====== THE INPUT

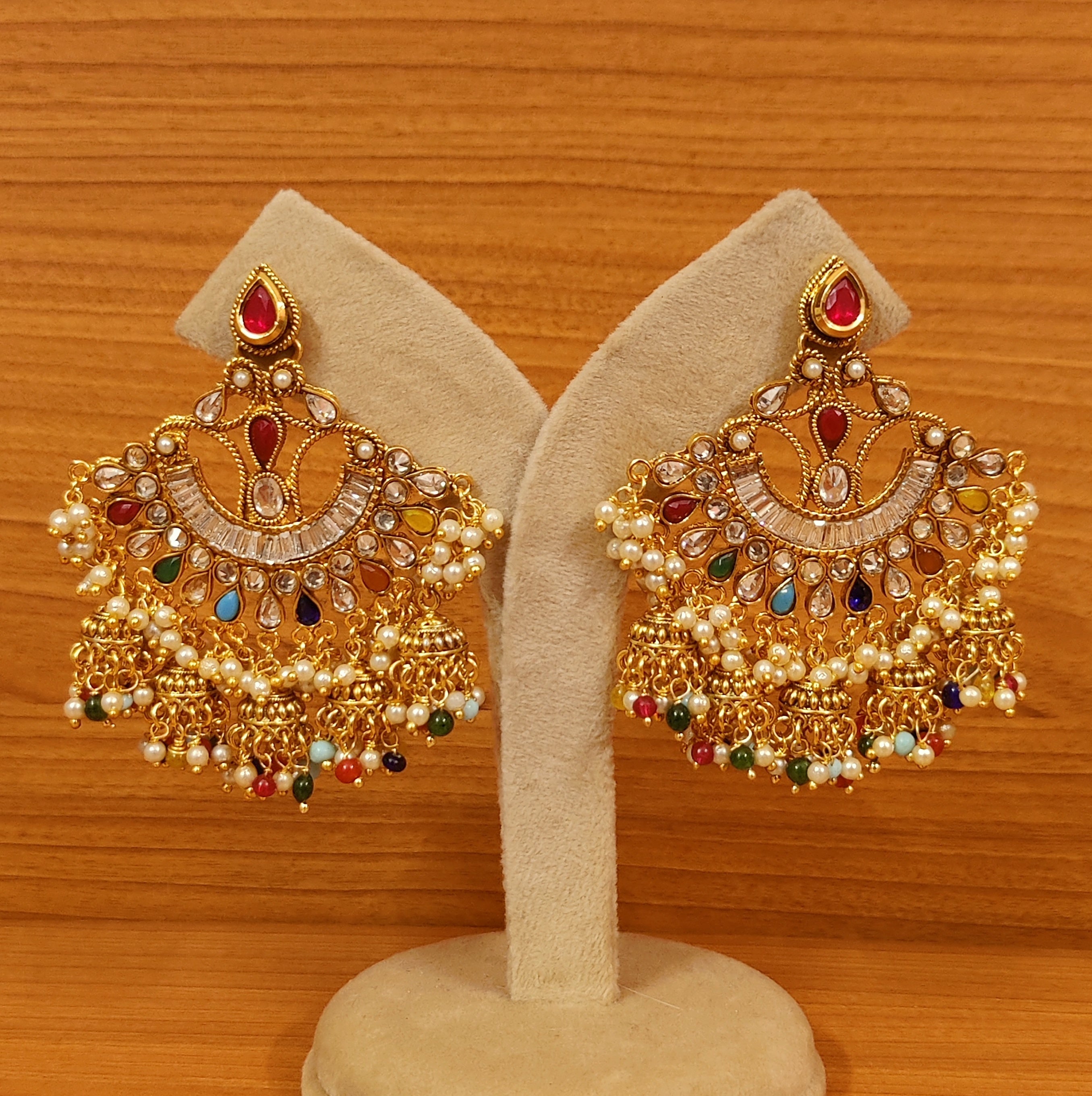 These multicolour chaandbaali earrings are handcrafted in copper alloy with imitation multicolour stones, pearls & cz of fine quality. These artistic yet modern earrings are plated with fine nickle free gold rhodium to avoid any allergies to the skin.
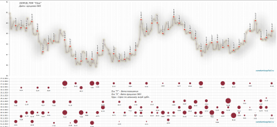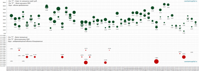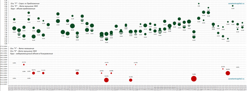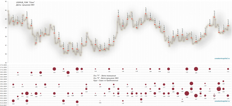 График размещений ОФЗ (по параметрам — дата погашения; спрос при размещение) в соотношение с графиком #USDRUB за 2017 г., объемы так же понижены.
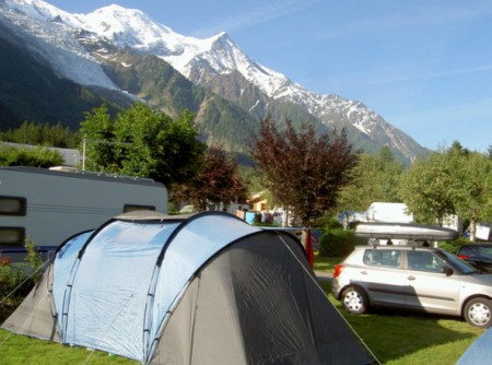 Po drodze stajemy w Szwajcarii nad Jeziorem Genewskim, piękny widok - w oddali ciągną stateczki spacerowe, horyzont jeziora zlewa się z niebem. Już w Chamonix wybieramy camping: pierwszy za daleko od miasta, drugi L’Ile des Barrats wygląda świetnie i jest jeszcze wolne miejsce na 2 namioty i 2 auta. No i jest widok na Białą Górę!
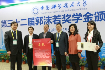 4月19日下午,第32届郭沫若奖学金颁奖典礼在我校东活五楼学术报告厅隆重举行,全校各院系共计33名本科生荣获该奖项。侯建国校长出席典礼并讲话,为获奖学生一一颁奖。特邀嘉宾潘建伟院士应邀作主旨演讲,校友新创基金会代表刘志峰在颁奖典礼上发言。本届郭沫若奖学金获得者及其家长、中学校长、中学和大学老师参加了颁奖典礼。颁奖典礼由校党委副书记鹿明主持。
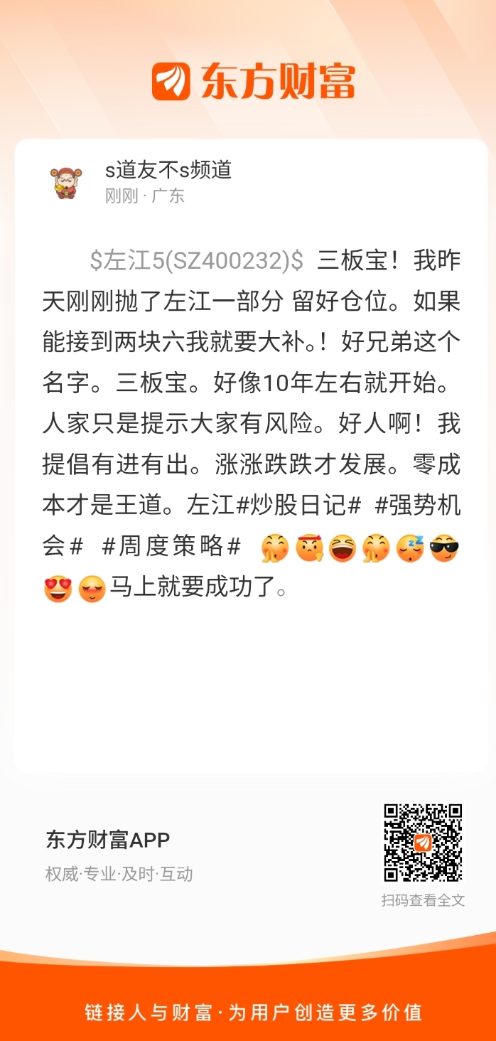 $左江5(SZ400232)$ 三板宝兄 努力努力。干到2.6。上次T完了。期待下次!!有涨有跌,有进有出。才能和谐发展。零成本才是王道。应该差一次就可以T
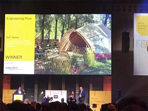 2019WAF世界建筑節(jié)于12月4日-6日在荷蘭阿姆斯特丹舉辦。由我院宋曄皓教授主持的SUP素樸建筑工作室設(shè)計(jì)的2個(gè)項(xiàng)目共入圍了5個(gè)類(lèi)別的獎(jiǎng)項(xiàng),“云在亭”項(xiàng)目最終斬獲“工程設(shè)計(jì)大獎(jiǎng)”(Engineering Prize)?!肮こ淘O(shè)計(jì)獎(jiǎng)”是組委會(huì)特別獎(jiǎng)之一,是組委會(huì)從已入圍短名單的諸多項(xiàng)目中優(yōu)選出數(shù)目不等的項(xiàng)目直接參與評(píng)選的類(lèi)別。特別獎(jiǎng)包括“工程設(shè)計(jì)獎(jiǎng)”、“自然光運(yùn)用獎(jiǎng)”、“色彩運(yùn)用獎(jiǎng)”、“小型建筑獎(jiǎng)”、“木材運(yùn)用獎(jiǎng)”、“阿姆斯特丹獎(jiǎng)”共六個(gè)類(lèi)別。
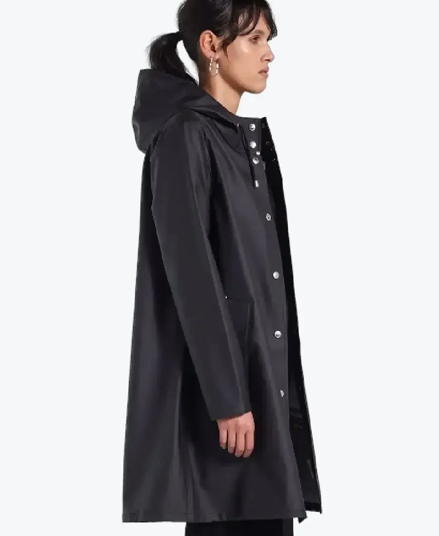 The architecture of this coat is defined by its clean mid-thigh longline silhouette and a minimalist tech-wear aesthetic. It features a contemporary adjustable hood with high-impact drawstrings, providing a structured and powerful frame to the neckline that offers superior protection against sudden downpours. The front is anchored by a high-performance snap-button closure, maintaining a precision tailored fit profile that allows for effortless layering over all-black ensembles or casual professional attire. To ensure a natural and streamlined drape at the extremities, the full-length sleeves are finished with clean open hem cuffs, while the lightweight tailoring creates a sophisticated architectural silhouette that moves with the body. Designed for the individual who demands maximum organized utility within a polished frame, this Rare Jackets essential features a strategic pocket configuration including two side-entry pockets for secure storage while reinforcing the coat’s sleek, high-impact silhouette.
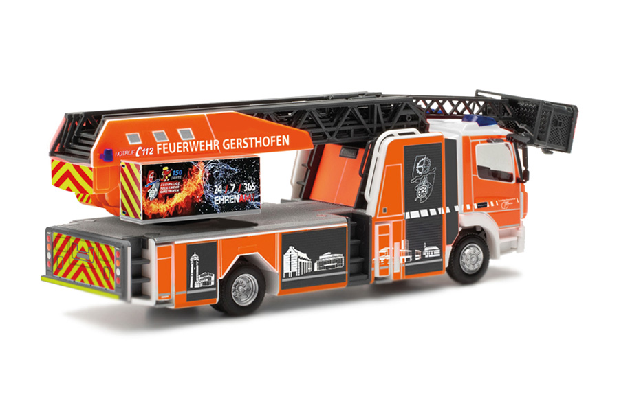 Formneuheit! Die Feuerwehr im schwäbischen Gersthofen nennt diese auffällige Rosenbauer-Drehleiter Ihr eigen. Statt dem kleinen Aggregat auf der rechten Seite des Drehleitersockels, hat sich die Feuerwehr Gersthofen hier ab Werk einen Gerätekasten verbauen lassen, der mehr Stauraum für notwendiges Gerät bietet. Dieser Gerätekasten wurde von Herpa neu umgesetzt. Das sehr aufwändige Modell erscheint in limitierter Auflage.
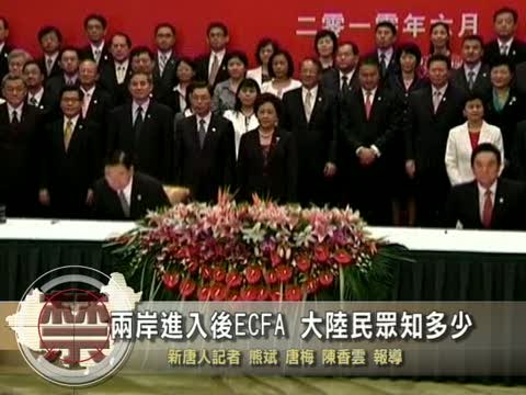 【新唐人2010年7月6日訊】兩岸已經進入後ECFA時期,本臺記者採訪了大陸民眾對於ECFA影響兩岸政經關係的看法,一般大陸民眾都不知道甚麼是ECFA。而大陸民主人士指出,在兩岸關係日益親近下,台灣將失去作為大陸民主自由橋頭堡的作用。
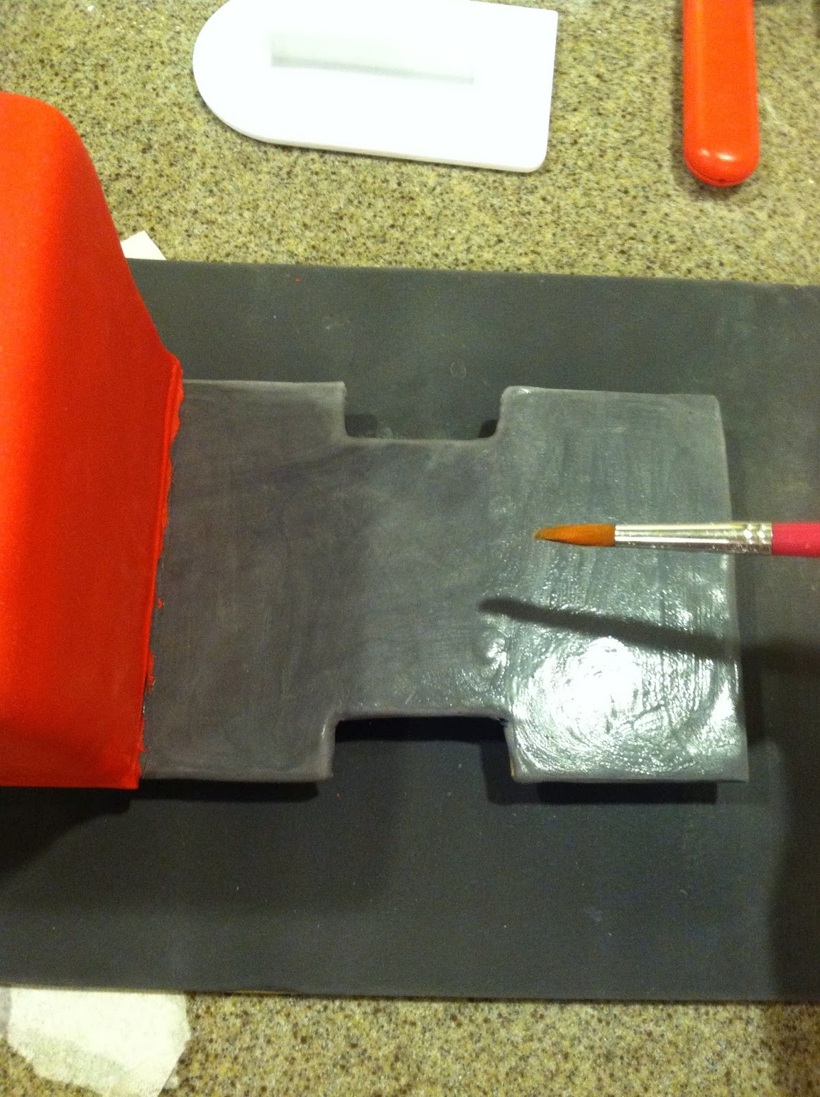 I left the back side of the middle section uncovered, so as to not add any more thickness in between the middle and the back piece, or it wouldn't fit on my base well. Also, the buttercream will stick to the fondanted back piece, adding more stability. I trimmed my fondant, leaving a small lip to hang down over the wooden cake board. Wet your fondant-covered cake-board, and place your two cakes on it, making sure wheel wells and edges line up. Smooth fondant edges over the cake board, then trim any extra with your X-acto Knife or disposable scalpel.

============

DIRECTIONS >> Give exactly those lines of the listing that run from its first line through the line with "Po drodze stajemy", leaving each picture out.

SOLUTION TO THIS TASK >>
 These multicolour chaandbaali earrings are handcrafted in copper alloy with imitation multicolour stones, pearls & cz of fine quality. These artistic yet modern earrings are plated with fine nickle free gold rhodium to avoid any allergies to the skin.
 График размещений ОФЗ (по параметрам — дата погашения; спрос при размещение) в соотношение с графиком #USDRUB за 2017 г., объемы так же понижены.
 Po drodze stajemy w Szwajcarii nad Jeziorem Genewskim, piękny widok - w oddali ciągną stateczki spacerowe, horyzont jeziora zlewa się z niebem. Już w Chamonix wybieramy camping: pierwszy za daleko od miasta, drugi L’Ile des Barrats wygląda świetnie i jest jeszcze wolne miejsce na 2 namioty i 2 auta. No i jest widok na Białą Górę!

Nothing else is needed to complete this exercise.